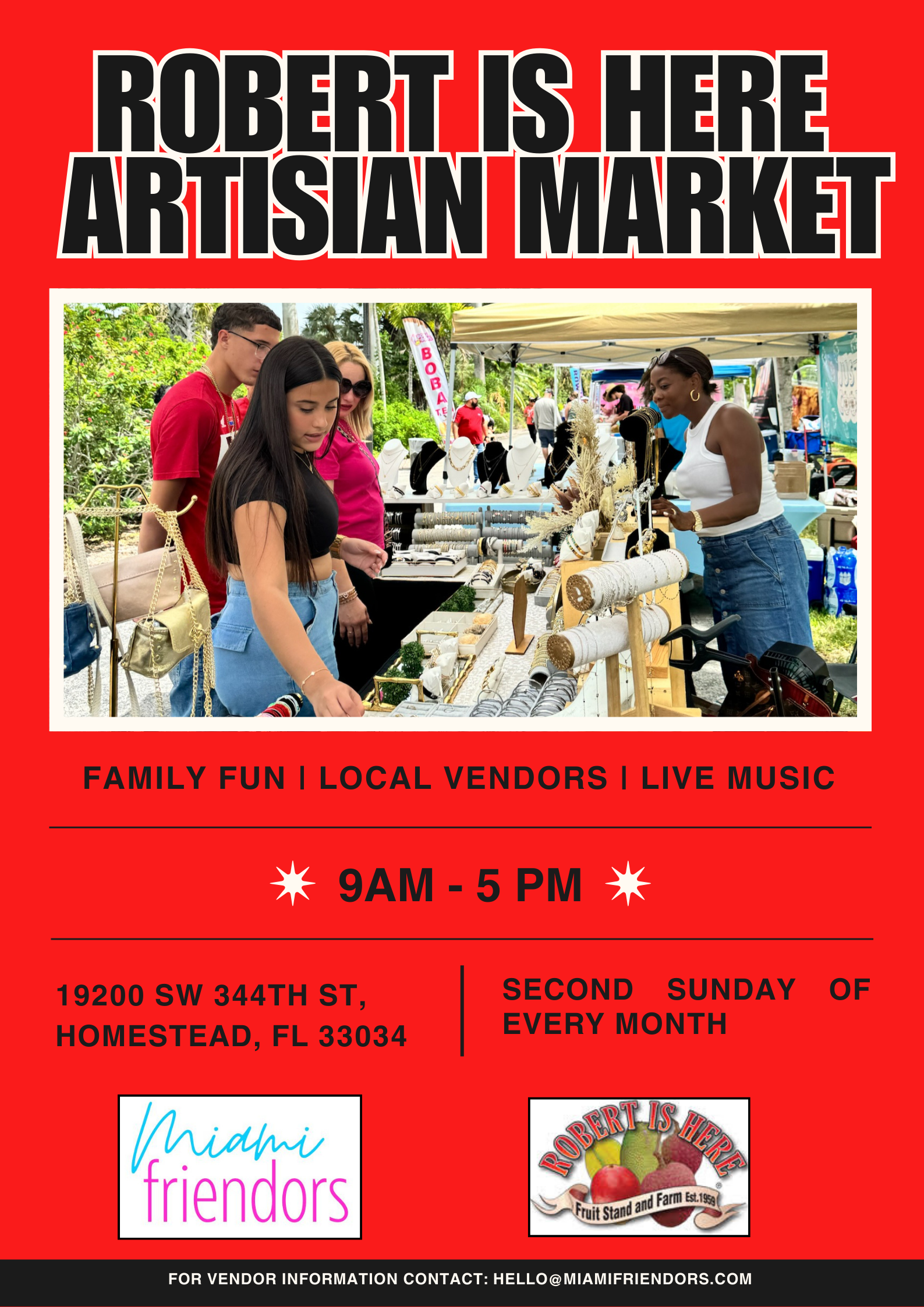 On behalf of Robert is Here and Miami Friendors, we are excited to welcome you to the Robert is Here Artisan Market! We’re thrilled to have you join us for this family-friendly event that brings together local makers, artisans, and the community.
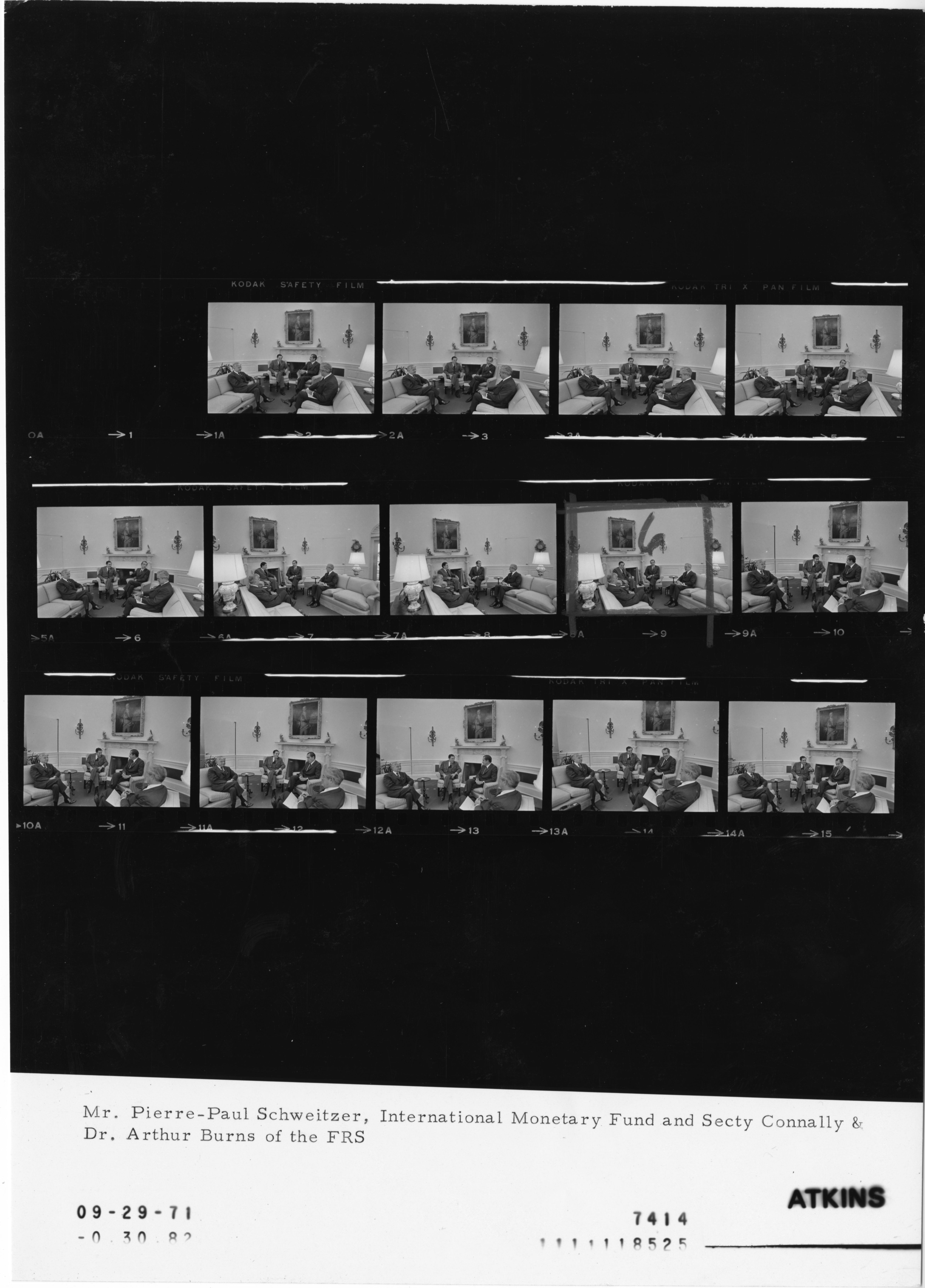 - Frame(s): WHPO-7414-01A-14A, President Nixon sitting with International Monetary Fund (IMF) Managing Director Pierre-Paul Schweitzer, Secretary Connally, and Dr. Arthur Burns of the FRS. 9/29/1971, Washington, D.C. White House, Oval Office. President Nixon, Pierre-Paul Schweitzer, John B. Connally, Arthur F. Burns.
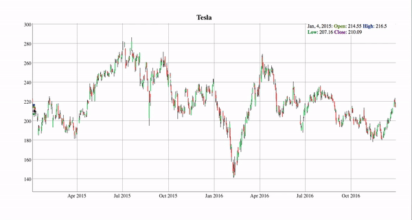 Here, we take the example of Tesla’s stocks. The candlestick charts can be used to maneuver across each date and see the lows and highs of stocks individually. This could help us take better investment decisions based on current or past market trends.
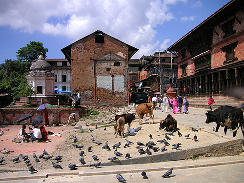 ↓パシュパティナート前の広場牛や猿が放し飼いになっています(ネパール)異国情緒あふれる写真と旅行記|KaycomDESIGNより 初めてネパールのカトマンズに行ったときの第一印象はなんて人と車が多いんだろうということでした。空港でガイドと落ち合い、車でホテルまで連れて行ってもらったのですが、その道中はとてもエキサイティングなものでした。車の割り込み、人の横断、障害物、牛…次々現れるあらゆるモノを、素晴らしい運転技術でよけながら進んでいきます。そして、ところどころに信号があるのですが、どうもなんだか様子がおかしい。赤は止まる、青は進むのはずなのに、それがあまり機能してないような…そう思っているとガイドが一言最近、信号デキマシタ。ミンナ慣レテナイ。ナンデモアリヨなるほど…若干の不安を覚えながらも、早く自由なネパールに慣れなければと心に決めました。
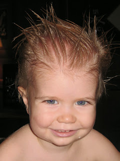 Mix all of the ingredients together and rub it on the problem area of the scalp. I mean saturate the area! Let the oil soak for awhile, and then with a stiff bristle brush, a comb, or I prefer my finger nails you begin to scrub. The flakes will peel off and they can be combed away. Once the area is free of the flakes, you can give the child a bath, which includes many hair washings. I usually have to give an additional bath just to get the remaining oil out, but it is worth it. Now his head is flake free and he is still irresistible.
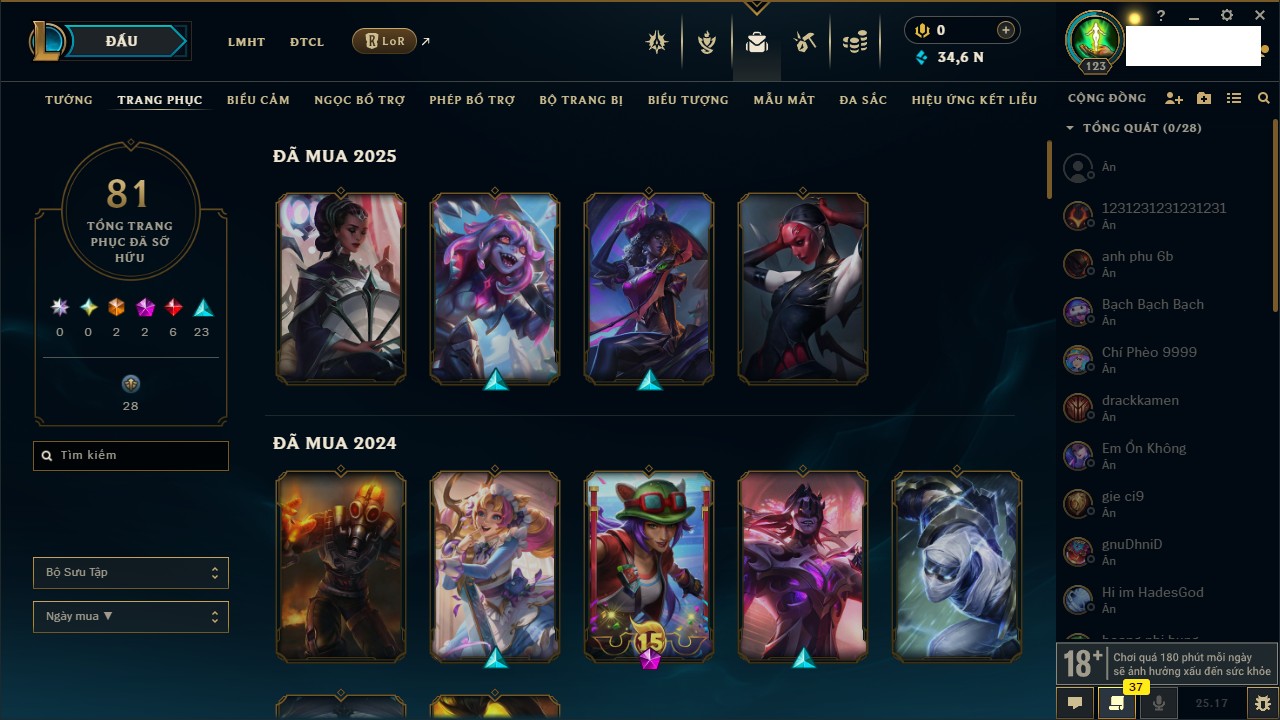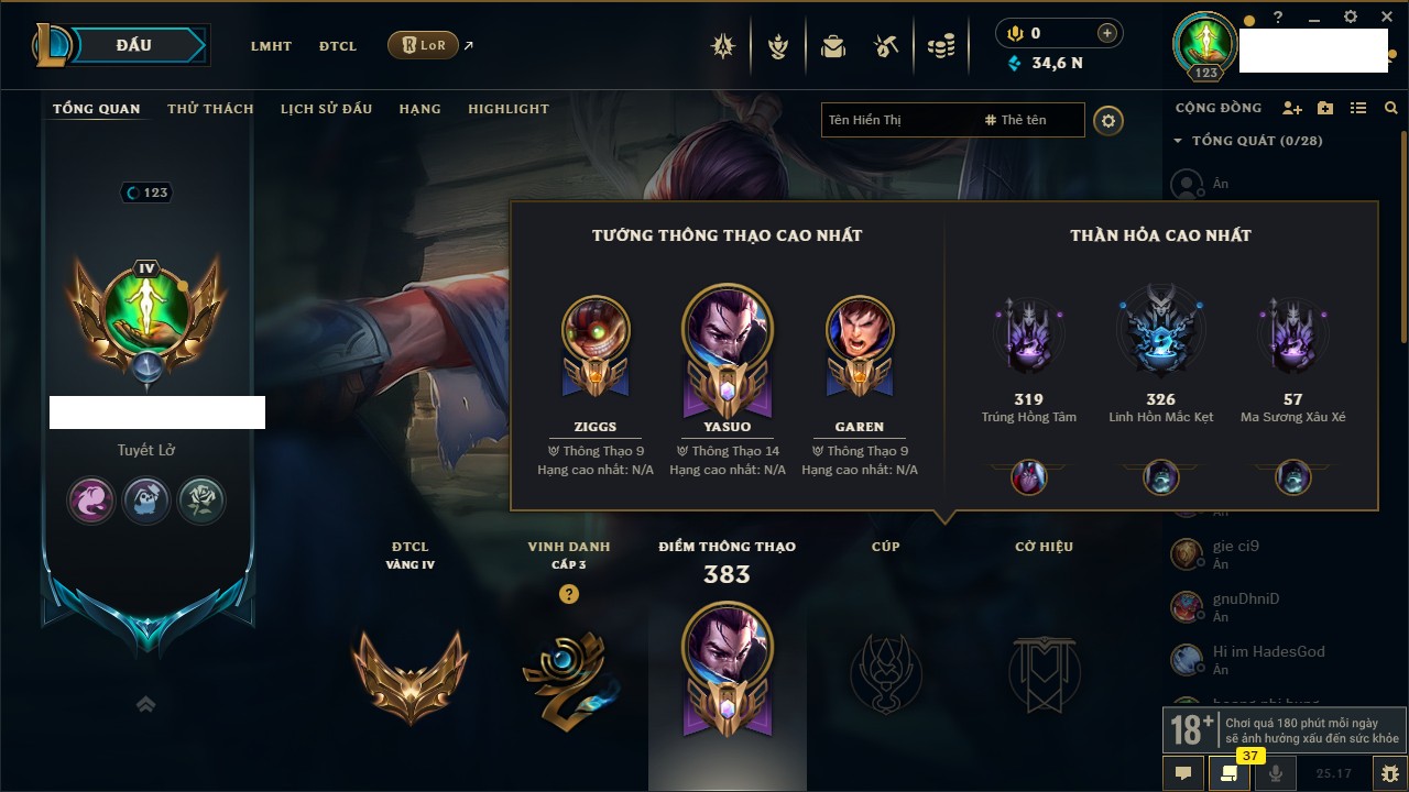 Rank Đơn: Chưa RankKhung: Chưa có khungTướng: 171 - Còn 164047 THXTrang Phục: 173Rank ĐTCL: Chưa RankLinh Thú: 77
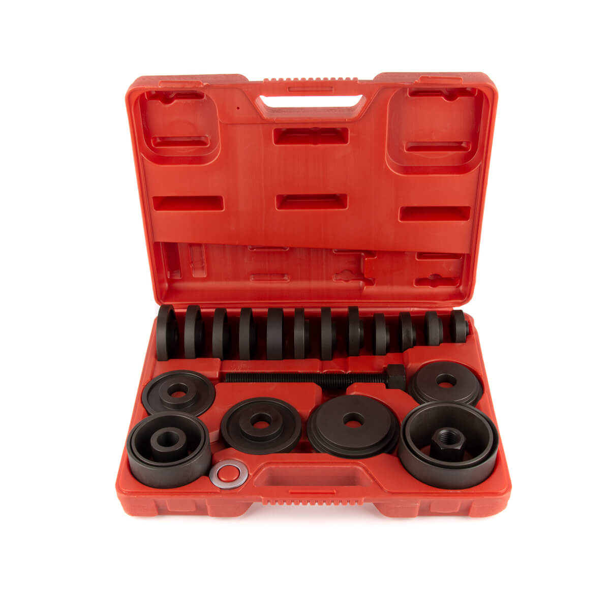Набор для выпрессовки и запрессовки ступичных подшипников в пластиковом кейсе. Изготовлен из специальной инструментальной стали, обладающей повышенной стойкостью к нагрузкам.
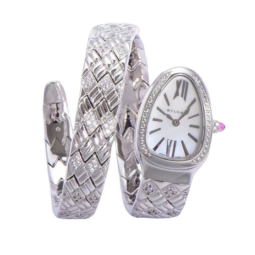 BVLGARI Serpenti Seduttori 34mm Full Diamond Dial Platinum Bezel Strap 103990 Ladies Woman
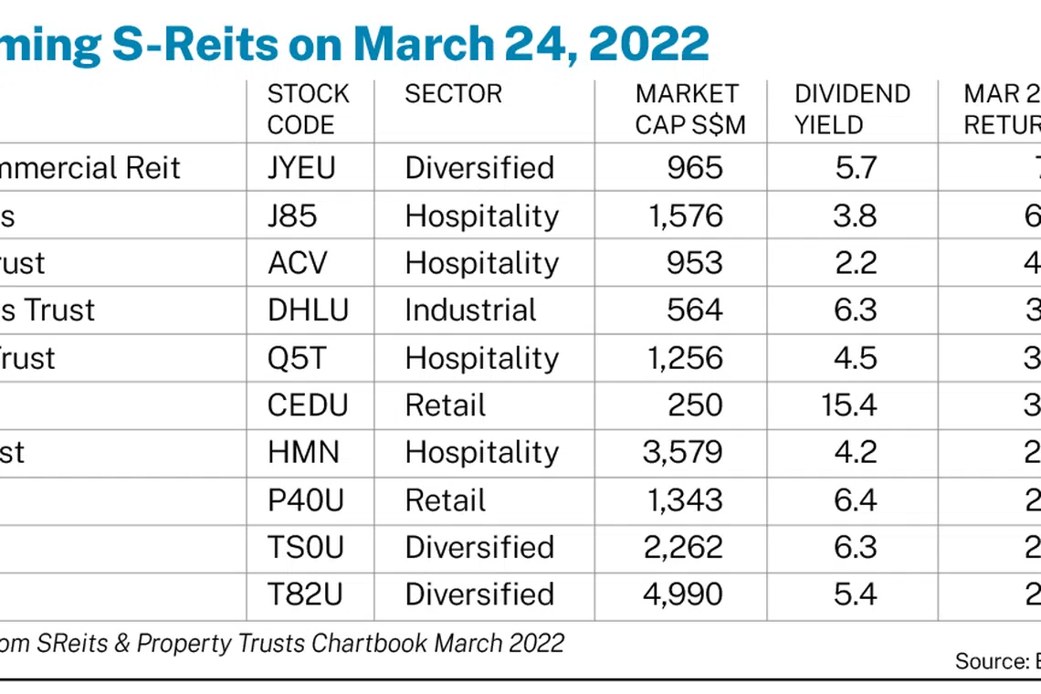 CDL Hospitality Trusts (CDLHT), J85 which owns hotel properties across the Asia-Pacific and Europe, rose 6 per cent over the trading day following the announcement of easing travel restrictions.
▬▬▬▬▬▬▬▬▬▬
◆ **DIRECTIONS FOR THIS TASK**
Only the text of the records above is to be reproduced, exactly as given; the pictures are dropped.

◆ **WRITTEN RESPONSE**
 On behalf of Robert is Here and Miami Friendors, we are excited to welcome you to the Robert is Here Artisan Market! We’re thrilled to have you join us for this family-friendly event that brings together local makers, artisans, and the community.
 - Frame(s): WHPO-7414-01A-14A, President Nixon sitting with International Monetary Fund (IMF) Managing Director Pierre-Paul Schweitzer, Secretary Connally, and Dr. Arthur Burns of the FRS. 9/29/1971, Washington, D.C. White House, Oval Office. President Nixon, Pierre-Paul Schweitzer, John B. Connally, Arthur F. Burns.
 Here, we take the example of Tesla’s stocks. The candlestick charts can be used to maneuver across each date and see the lows and highs of stocks individually. This could help us take better investment decisions based on current or past market trends.
 ↓パシュパティナート前の広場牛や猿が放し飼いになっています(ネパール)異国情緒あふれる写真と旅行記|KaycomDESIGNより 初めてネパールのカトマンズに行ったときの第一印象はなんて人と車が多いんだろうということでした。空港でガイドと落ち合い、車でホテルまで連れて行ってもらったのですが、その道中はとてもエキサイティングなものでした。車の割り込み、人の横断、障害物、牛…次々現れるあらゆるモノを、素晴らしい運転技術でよけながら進んでいきます。そして、ところどころに信号があるのですが、どうもなんだか様子がおかしい。赤は止まる、青は進むのはずなのに、それがあまり機能してないような…そう思っているとガイドが一言最近、信号デキマシタ。ミンナ慣レテナイ。ナンデモアリヨなるほど…若干の不安を覚えながらも、早く自由なネパールに慣れなければと心に決めました。
 Mix all of the ingredients together and rub it on the problem area of the scalp. I mean saturate the area! Let the oil soak for awhile, and then with a stiff bristle brush, a comb, or I prefer my finger nails you begin to scrub. The flakes will peel off and they can be combed away. Once the area is free of the flakes, you can give the child a bath, which includes many hair washings. I usually have to give an additional bath just to get the remaining oil out, but it is worth it. Now his head is flake free and he is still irresistible.
 Rank Đơn: Chưa RankKhung: Chưa có khungTướng: 171 - Còn 164047 THXTrang Phục: 173Rank ĐTCL: Chưa RankLinh Thú: 77
Набор для выпрессовки и запрессовки ступичных подшипников в пластиковом кейсе. Изготовлен из специальной инструментальной стали, обладающей повышенной стойкостью к нагрузкам.
 BVLGARI Serpenti Seduttori 34mm Full Diamond Dial Platinum Bezel Strap 103990 Ladies Woman
 CDL Hospitality Trusts (CDLHT), J85 which owns hotel properties across the Asia-Pacific and Europe, rose 6 per cent over the trading day following the announcement of easing travel restrictions.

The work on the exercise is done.